- The task:
Although the data below holds other lines too, output only those from the line with "毕业典礼在雄壮的国歌声中拉开" up to and including the line with "9. 制冷劑:R404a / R23(臭氧(yǎng)耗損指數均爲 0)", exactly as they appear.

- Information supplied:
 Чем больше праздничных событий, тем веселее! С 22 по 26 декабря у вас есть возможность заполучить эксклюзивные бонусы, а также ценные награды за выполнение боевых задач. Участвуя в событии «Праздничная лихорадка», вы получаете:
==
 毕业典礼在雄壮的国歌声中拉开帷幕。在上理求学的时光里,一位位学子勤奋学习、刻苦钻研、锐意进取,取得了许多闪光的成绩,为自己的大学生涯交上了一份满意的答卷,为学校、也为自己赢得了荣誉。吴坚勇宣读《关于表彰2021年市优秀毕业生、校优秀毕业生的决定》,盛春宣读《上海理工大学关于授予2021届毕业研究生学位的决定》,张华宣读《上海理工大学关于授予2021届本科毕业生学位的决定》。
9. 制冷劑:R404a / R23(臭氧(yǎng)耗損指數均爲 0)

- Task result:
 毕业典礼在雄壮的国歌声中拉开帷幕。在上理求学的时光里,一位位学子勤奋学习、刻苦钻研、锐意进取,取得了许多闪光的成绩,为自己的大学生涯交上了一份满意的答卷,为学校、也为自己赢得了荣誉。吴坚勇宣读《关于表彰2021年市优秀毕业生、校优秀毕业生的决定》,盛春宣读《上海理工大学关于授予2021届毕业研究生学位的决定》,张华宣读《上海理工大学关于授予2021届本科毕业生学位的决定》。
9. 制冷劑:R404a / R23(臭氧(yǎng)耗損指數均爲 0)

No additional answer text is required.